The first fundamental difference is the quantity of available data. As we can easily imagine, machine learning techniques require vast amounts of data to learn in a deductive way, and we don’t always have such a huge database on hand. When we want to verify an existing model inductively using a traditional approach, we need less data to ascertain the validity of that model with respect to the data. In other words, researchers formulate certain hypotheses on the relationships among the variables at play, either starting from current economic and managerial theories, or based on experience in the field. Data are utilized only to confirm or controvert the significance of these relationships, and not to build new knowledge. For this reason, we can say that in a certain sense classical models are less ‘voracious’ in terms of sample sizes.
The second major difference is the objective of the analysis. If the aim is predictive performance, that is, the model’s ability to avoid mistakes (or to make as few as possible), then understanding the model is less important. From this perspective, models based on machine learning techniques are certainly highly recommended because they are performance-oriented, but hard to understand for the end user (at least the more complex techniques). If on the other hand the point is to get a grasp of a phenomenon, to read the model and its implications, and to interpret the impacts of individual variables, traditional models are the way to go because they are structured a priori in form and estimated by means of data in substance. Here we need to underscore that modern analytical tools focus more on the interpretative aspect of machine learning models.

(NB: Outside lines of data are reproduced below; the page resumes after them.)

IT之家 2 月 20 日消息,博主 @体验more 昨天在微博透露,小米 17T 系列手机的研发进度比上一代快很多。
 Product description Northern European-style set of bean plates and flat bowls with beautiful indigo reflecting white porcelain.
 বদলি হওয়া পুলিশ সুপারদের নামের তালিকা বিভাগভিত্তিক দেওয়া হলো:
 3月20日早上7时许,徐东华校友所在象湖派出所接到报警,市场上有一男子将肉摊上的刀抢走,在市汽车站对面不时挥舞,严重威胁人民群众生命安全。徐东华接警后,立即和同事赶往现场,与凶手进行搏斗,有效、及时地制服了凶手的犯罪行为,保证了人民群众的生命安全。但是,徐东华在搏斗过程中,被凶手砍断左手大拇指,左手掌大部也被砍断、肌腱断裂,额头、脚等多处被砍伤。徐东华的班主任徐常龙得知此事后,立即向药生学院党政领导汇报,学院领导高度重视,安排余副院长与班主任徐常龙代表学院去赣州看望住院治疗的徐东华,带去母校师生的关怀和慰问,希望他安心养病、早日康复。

There are also differences in the time horizons when decisions are made, and differences with respect to the weight of each decision. Let’s say for example we’re hunting for suspicious transactions. If we need to analyze thousands of credit card purchases or financial markets in real time to find what we’re looking for, we have masses of data on hand, and of course we’re interested in performance, that is, accurately identifying these operations. So here machine learning models are ideal for our purpose. But if instead we want to grasp the logic behind these shady deals, what characteristics (variables) to monitor for prevention or intervention with rules and regulations, we have to understand the model, so traditional models or the more basic and interpretable machine learning models are the best fit (random forest).

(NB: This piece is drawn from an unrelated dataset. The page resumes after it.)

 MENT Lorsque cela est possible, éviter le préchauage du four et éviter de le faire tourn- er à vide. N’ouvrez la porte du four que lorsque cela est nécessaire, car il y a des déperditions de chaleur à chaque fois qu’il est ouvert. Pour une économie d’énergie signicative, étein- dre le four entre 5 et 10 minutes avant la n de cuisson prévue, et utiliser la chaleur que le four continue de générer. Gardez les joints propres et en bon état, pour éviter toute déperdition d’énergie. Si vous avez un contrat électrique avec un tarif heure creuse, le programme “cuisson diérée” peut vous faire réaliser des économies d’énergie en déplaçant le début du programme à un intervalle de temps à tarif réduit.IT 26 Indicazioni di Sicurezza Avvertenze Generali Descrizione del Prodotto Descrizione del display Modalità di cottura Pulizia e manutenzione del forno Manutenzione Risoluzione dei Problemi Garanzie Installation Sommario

Essentially, simplifying somewhat, the more sophisticated algorithms from machine learning are very useful for analysis operational processes. On the other hand, classical models are often utilized to understand phenomena (or when the amount of data leaves on hand us with no other option).
Added to this is the fact that classic statistics is fundamental in the exploratory phase and for data preparation, which is an essential step for applying even the most complex models. (To cook gourmet food, we need to prep and taste the ingredients first. Or to use a common catchphrase among analysts, “garbage in, garbage out” is a rule that applies to machine learning too.) So as we can see, machine learning is an addition to – not a substitute for - statistics in the toolkit that data and business analysts use to accomplish their true task: to extract from the data everything possible to support decisions, in a world that is increasingly complex on one hand, and data rich on the other.